Dark matter.

White woman wearing a black hoodie with the hood up emerges from an opening inside a cave. She is wear a head lamp and is carrying her sunglasses in her mouth.
Spelunking in style.

In 2008, along with 2 others, I entered one of the larger caves in Horne Lake Caves Provincial Park. Fifteen minutes later, we got spit out in a ditch on the side of the New Jersey Turnpike. I only mention this because Being John Malkovich is my favourite movie and has been since it was released 20 years ago. If you haven’t seen it, I can guarantee that it’ll be more interesting than this post.

But you’re here to read about me, right?

Now, it’s 2019, and I wanted to introduce Yann to the wonderful world of being inside the earth’s innards.

Woman wearing white cat eye glasses looks up. She is surrounded by darkness and has a lit headlamp on her head.
I have a great idea.

Now, spelunking doesn’t seem like the best activity for a mildly claustrophobic person like me who specializes in graphic answers to the question, “What’s the worst that could happen?”

It’s a cave. It could, you know, cave in. You could get your face bit off by bats. You could trip and impale an eyeball on a stalagmite. You could bonk your head on a stalactite and pierce your brain.

More realistically, you could infect bats white-nose syndrome by entering the cave with contaminated footwear and clothing. For this reason, in 2016, BC Parks installed a bio-cleaning station before the trails leading to the caves. This very homemade-looking bio-cleaning station had an Astroturf to shuffle over before stepping onto a detergent-filled patio chair cushion. This rinky-dink set up supposedly protects the bats from fungal infection.

This stage was preceded by a park ranger trying to convince us to rent helmets and succeeded by a bouncy suspension bridge. I did not remember any of this from 2008.

We started with the Lower Cave which had a gated entrance to keep out midnight spelunkers. How nighttime caving is any different from caving during the daytime, I do not know.

At the back of the Lower Cave, was a small opening, much like the portal to John Malkovich’s subconscious.

A woman dressed in red shorts and a blue and yellow hoodie is shown crawling through a limestone passageway.
Having a Craig Schwartz moment.

The passageway narrowed to about 2ft high: not too small for us to squeeze through, but undeniably panic-inducing. My face says it all in the above animation.
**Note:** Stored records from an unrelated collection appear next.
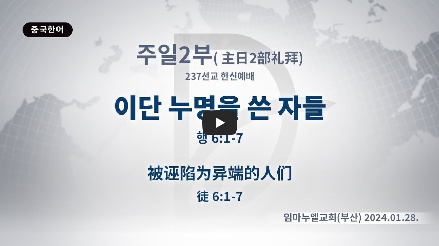 인터넷총국 (홈페이지 http://data.rutc.com) 후원: (국민은행) 856701-04-233309 (사)세계복음화전도협회 인터넷총국 분류 주일2부 예배- 2024년 제123RUTC응답의 영원 제목 (237선교헌신) 이단 누명을 쓴 자들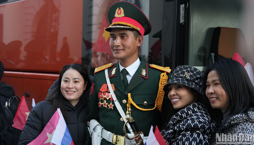 Người Việt Nam tại Nga nồng nhiệt chào đón các quân nhân Việt Nam hợp luyện duyệt binh trên Quảng trường Đỏ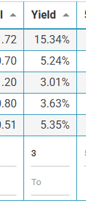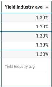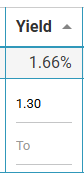 | Now we will look at the Yield Industry Average. Average Yield is 1.30%. | ![]() ![]() Adding 1.3 to the Yield will update the table to one result. |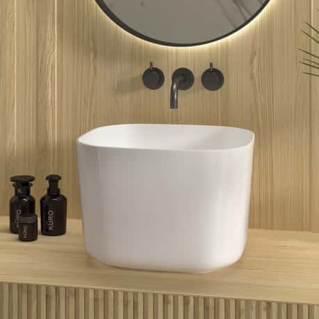 Lavabo sobre encimera redondo modelo Vito fabricado en porcelana vitrificada Blanco Brillo, Blanco Mate o Negro Mate
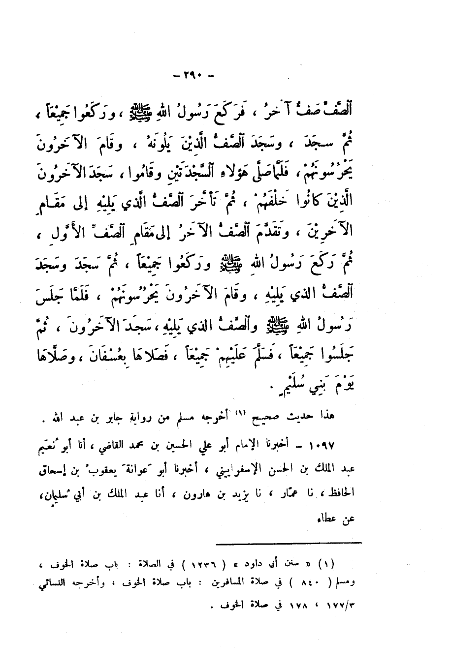 الصَّفِّ صَفٌّ آخَرُ، فَرَكَعَ رَسُولُ اللَّهِ صَلَّى اللهُ عَلَيْهِ وَسَلَّمَ، وَرَكَعُوا جَمِيعًا، ثُمَّ سَجَدَ، وَسَجَدَ الصَّفُّ الَّذِينَ يَلُونَهُ، وَقَامَ الآخَرُونَ يَحْرُسُونَهُمْ، فَلَمَّا صَلَّى هَؤُلاءِ السَّجْدَتَيْنِ وَقَامُوا، سَجَدَ الآخَرُونَ الَّذِينَ كَانُوا خَلْفَهُمْ، ثُمَّ تَأَخَّرَ الصَّفُّ الَّذِي يَلِيهِ إِلَى مَقَامِ الآخَرِينَ، وَتَقَدَّمَ الصَّفُّ الآخَرُ إِلَى مَقَامِ الصَّفِّ الأَوَّلِ، ثُمَّ رَكَعَ رَسُولُ اللَّهِ صَلَّى اللهُ عَلَيْهِ وَسَلَّمَ وَرَكَعُوا جَمِيعًا، ثُمَّ سَجَدَ وَسَجَدَ الصَّفُّ الَّذِي يَلِيهِ، وَقَامَ الآخَرُونَ يَحْرُسُونَهُمْ، فَلَمَّا جَلَسَ رَسُولُ اللَّهِ صَلَّى اللهُ عَلَيْهِ وَسَلَّمَ وَالصَّفُّ الَّذِي يَلِيهِ، سَجَدَ الآخَرُونَ، ثُمَّ جَلَسُوا جَمِيعًا، فَسَلَّمَ عَلَيْهِمْ جَمِيعًا، فَصَلاهَا بِعُسْفَانَ، وَصَلاهَا يَوْمَ بَنِي سُلَيْمٍ ".

The second cave was the imaginatively named Main Cave. Only the first 10 metres of this cave is open for self-guided tours. The couple who came out upon our arrival didn’t appear to have lights at all. What’s the fun in feeling around in the dark? One of them was dressed in a white top which had stayed suspiciously white.

We ran into them again at Andrew’s Annex, the third and final cave of our little adventure into limestone arteries. Again, this couple emerged from total darkness, and the white shirt remained unsoiled. I was wearing primary colours and cave mud. And a headlamp!

Flowstone inside a cave.
Flowstones are more interesting to look at than total darkness.

None of the three caves we entered felt familiar. Yes, eleven years had passed, but why don’t I remember a suspension bridge? There was no visitor’s centre selling keychains and sweatshirts either. I guess this is what happens when people Geotag cool places on Instagram.

I later asked a friend from the 2008 expedition if she remembered which cave we explored and she said no. She also seemed to suggest that Thai boys were to blame for the closed-off areas.

The 2018 Tham Luang cave rescue is still fresh in everybody’s head, right? Twelve boys and their soccer coach were trapped in the cave for eighteen days! One of the proposed escape plans had the team LEARN HOW TO DIVE WHILE TRAPPED IN THE CAVE. Then Elon Musk was like, “Hey maybe I can attach a propeller to a watertight mailing tube?” In the end, they went with the more sensible option of giving the kids the drug Ketamine and tethering them to a Navy SEAL.

Happily, all boys escaped and went on to win a soccer match or two. Multiple books were written about those 18 days of their lives and Netflix is currently working on a miniseries. ScarJo is probably playing all of them. The team had a happy ending to their shitty adventure.

For us, we had a happy ending to a non-shitty adventure. The day after spending a night in a tent in front of Horne Lake, Yann and I concluded our trip with a refreshing dip in the Sooke River.

Treading water.

Sooke Potholes Provincial Park happens to be another place that I hadn’t visited in eleven years.

A pale blonde in a black bikini is waving underwater. She is wearing goggles and air bubbles are coming out of her nose.
Howdy from 2008.

Since I’m revisiting all the places I visited 11 years ago, it looks like I’m headed to Switzerland next.